PELD/経皮的内視鏡下腰椎間板ヘルニア摘出術

経皮的内視鏡下腰椎間板摘出術(以下PELD)は新しい椎間板ヘルニアの手術として注目を集めています。PELDは1975年にその施術につながる技法が考案され、1980年代になると病変部位を観察しながら摘出するという発想も出てきました。こうした新たな発想とテクノロジーの進歩とがあいまって1999年には現在とほぼ同じ形で施術方法が確立されました。

従来行われてきた椎間板ヘルニア摘出術では全身麻酔下で腰部を2~6cm程度の切開をするため入院期間もリハビリを含め8~14日間程度が必要とされていましたが、新たな手法であるPELDでは非常に径の細い内視鏡を用いた施術を行うため正常な組織を壊す可能性が低く、内視鏡画像を大型モニターで拡大することにより安全かつ確実なヘルニアの除去が可能となりました。

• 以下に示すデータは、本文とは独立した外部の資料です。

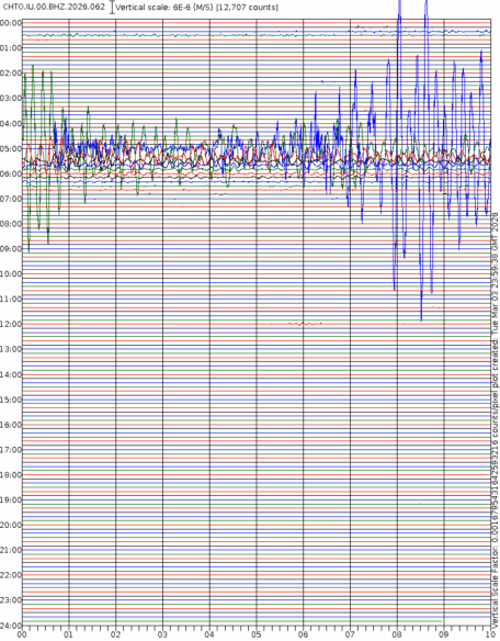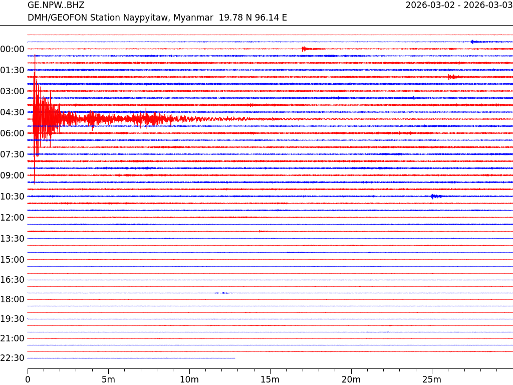 - 05:42 กราฟแผ่นดินไหว ช่วง 24 ชั่วโมงที่ผ่านมา บันทึกจากสถานีกรุงเนปิดอว์ ประเทศพม่า (กราฟนี้เน้นใช้ประโยชน์เรื่องของเวลาที่เกิดแผ่นดินไหว โดยแยกสีเป็นแดงน้ำเงินสีละครึ่งชั่วโมงเพื่อให้ดูง่าย ส่วนเรื่องขนาดแผ่นดินไหว กราฟนี้ไม่อาจใช้ระบุตัวเลขที่ชัดเจน)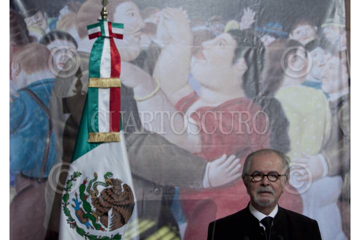 MÉXICO, D.F., 29MARZO2012.- El pintor colombiano Fernando Botero durante el evento de inauguración de su exposición en el Palacio de Bellas Artes en donde se exhiben 177 piezas y estará abierta al público hasta el mes de junio. FOTO: RODOLFO ANGULO /CUARTOSCURO.COM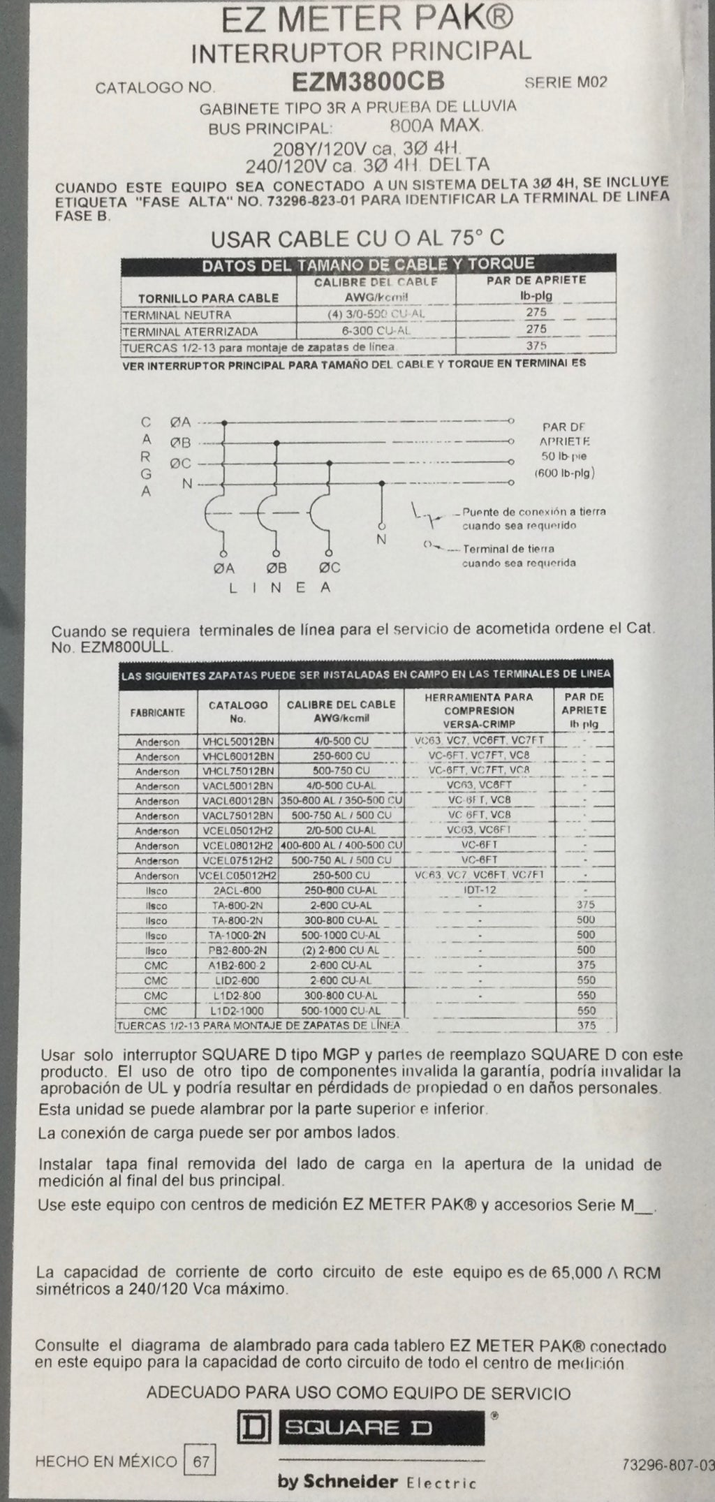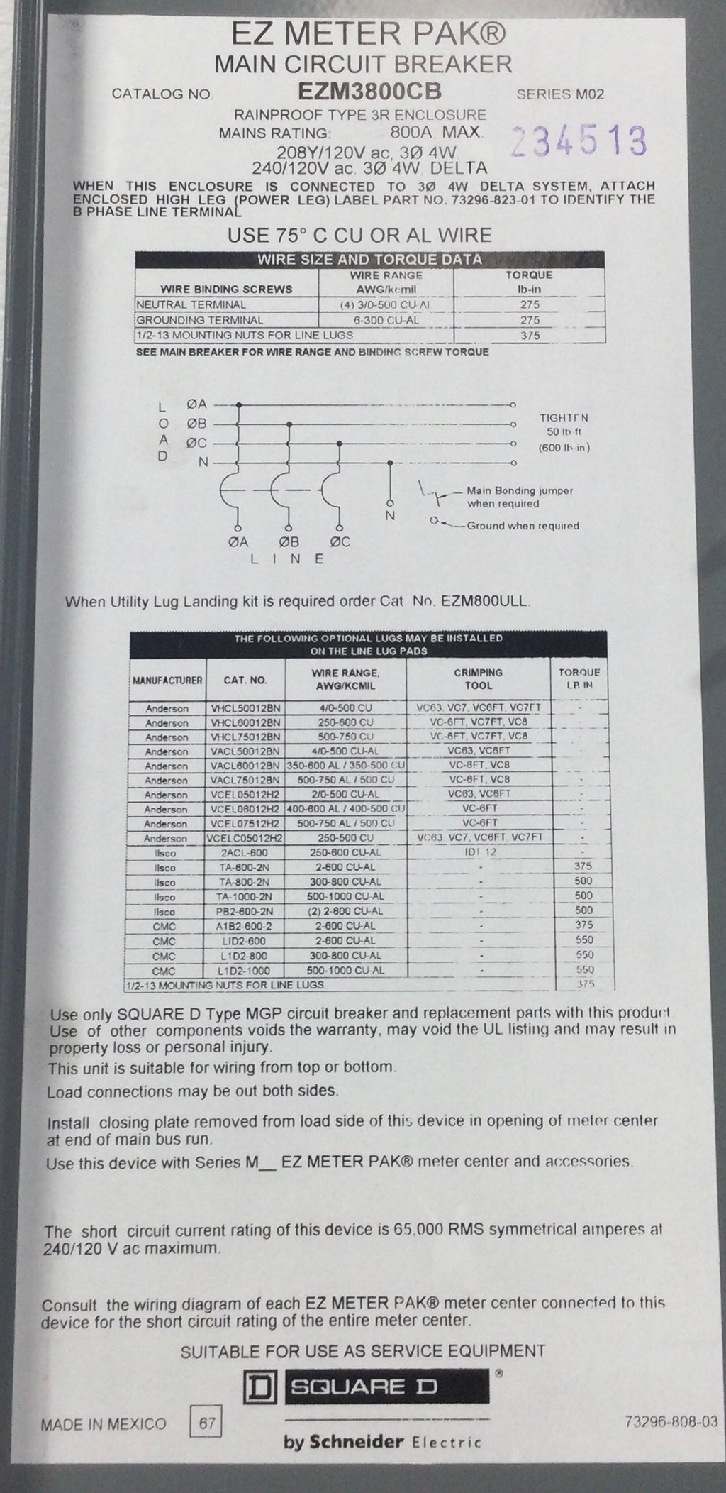 Introducing the Square D EZM3800CB 800 Amp 3-Phase 240V Panelboard - the efficient and reliable solution for all your industrial power needs. With its 240V three-phase system, this panelboard delivers top-notch performance and can handle up to 800 amps. Trust in Square D for high-quality, advanced power distribution.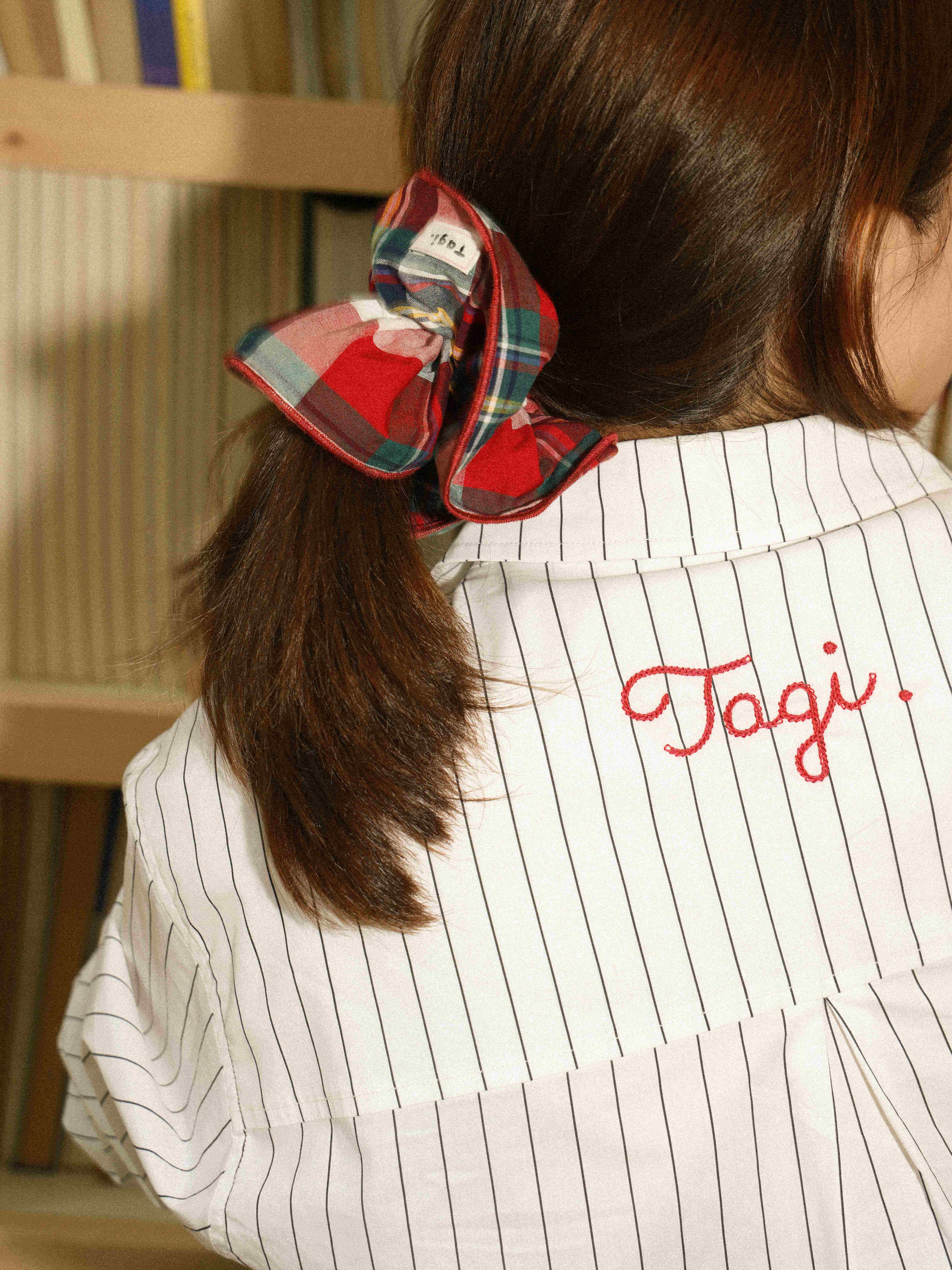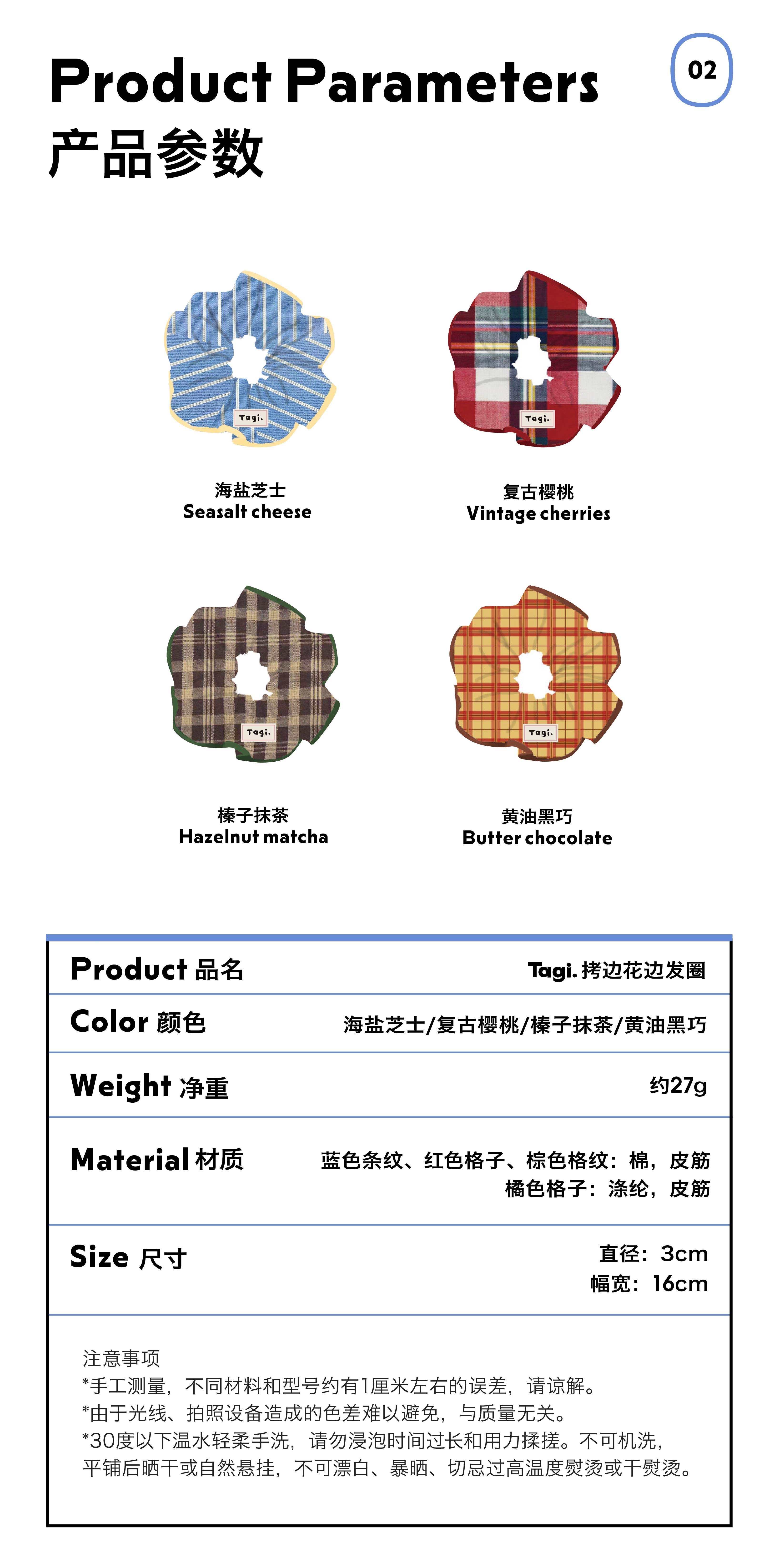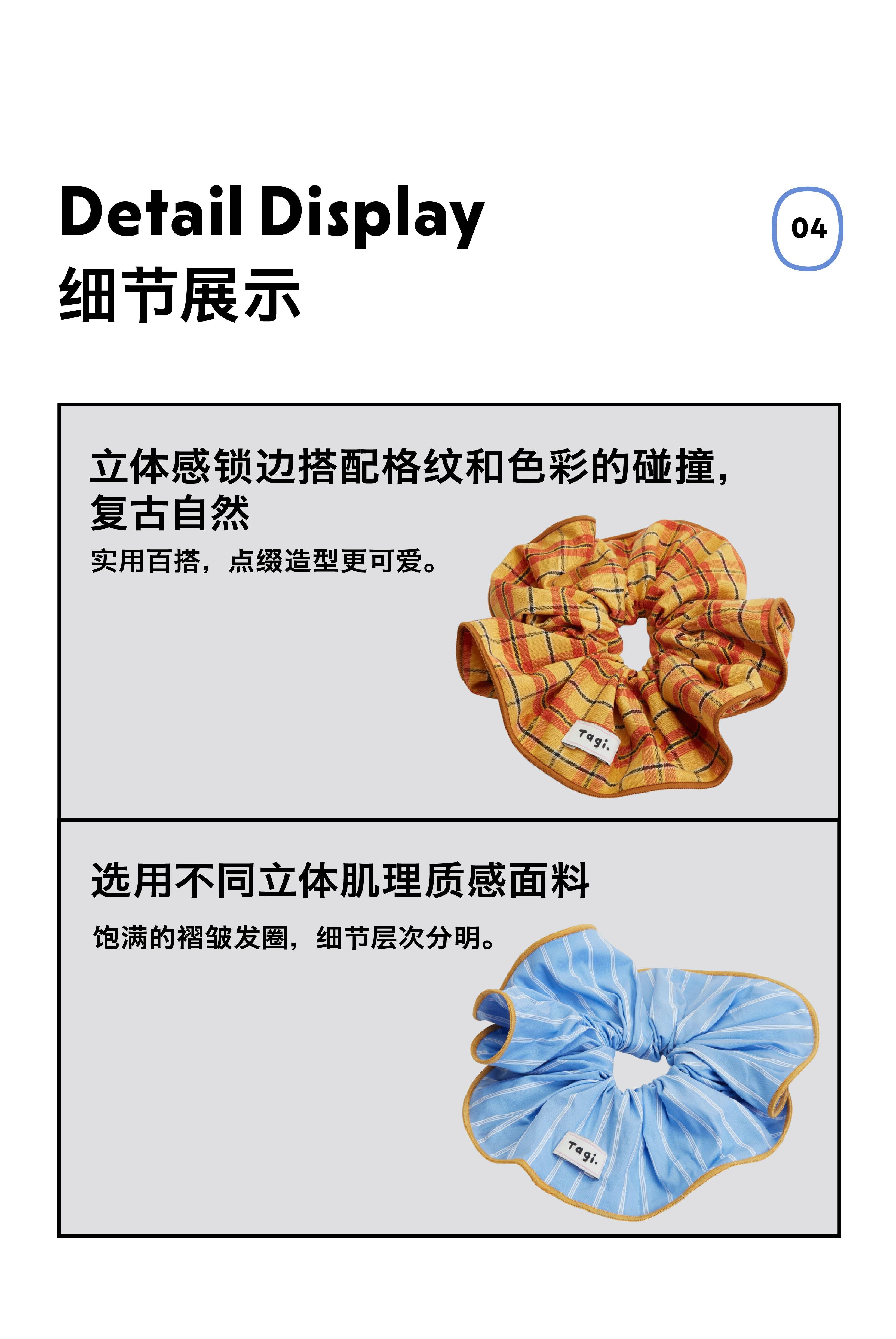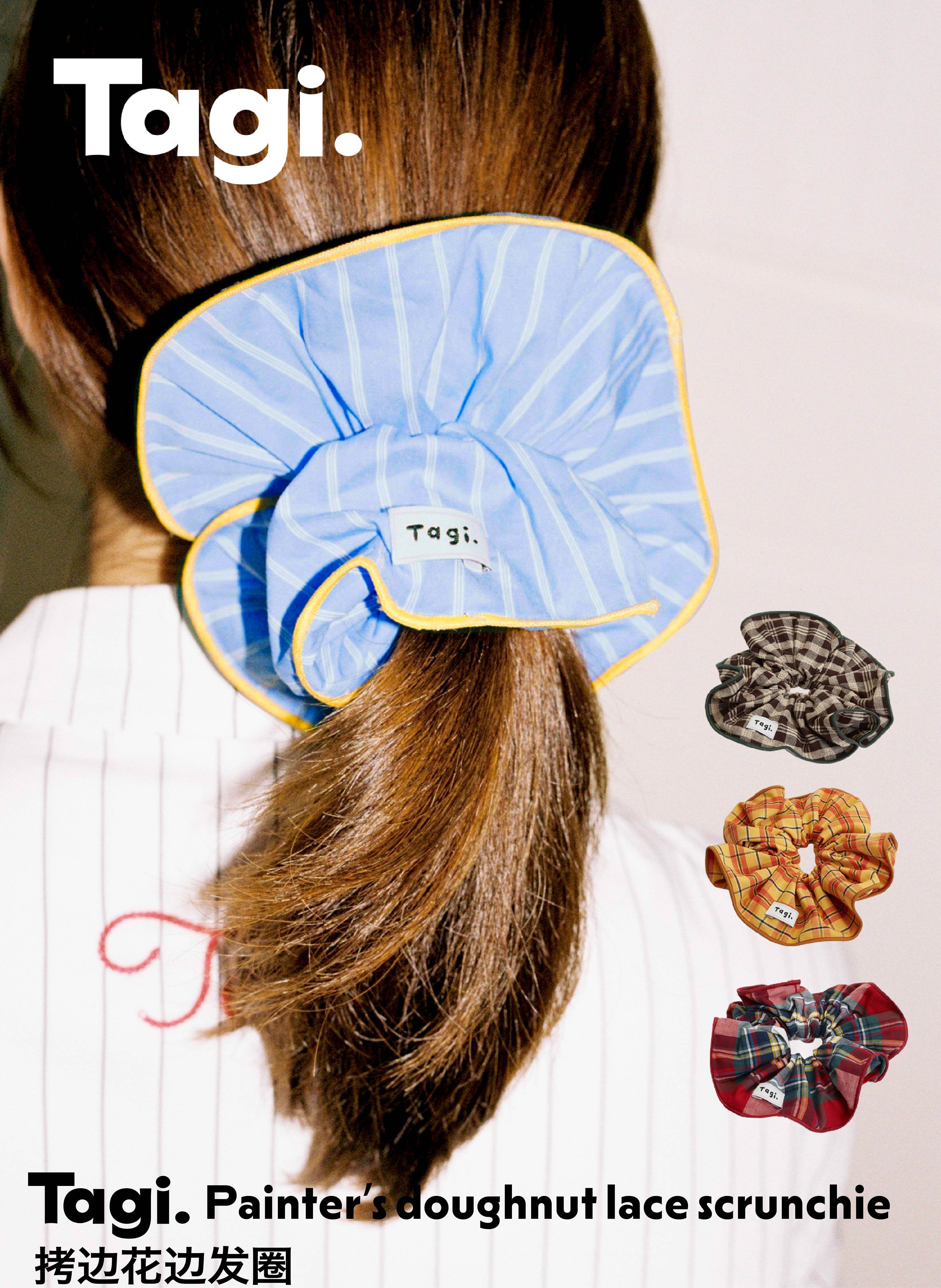 Tagi 甜甜圈单层大肠发圈 画家甜甜圈拷边条纹格纹拼色单层大肠发圈发饰头饰

そのため切開部分が約8mm程度と小さく抜糸も不要となり、局部麻酔で行うことにより術中であっても会話が可能なため患者さんからのフィードバックが正確に捉えられるという利点も生まれています。
手術は20~60分間程度で終了し、当日から歩行が可能となります。

術後MRIでヘルニア切除の確認が行われ、一晩様子をみたのち翌日には退院となりますが、術後の無理は禁物です。
3ヶ月ほどは腰椎軟性コルセットを着用し、身体をねじる動作や重労働は行わないように心がけます。喫煙も腰に悪影響があると言われているためできるだけ避けた方が良いでしょう。

その後は半年間隔の外来での受診を経て問題がなければ治療が完了します。
PELDはその安全性から患者さんからの満足度も高く、今後の椎間板ヘルニア手術の中核をなす治療法として期待されています。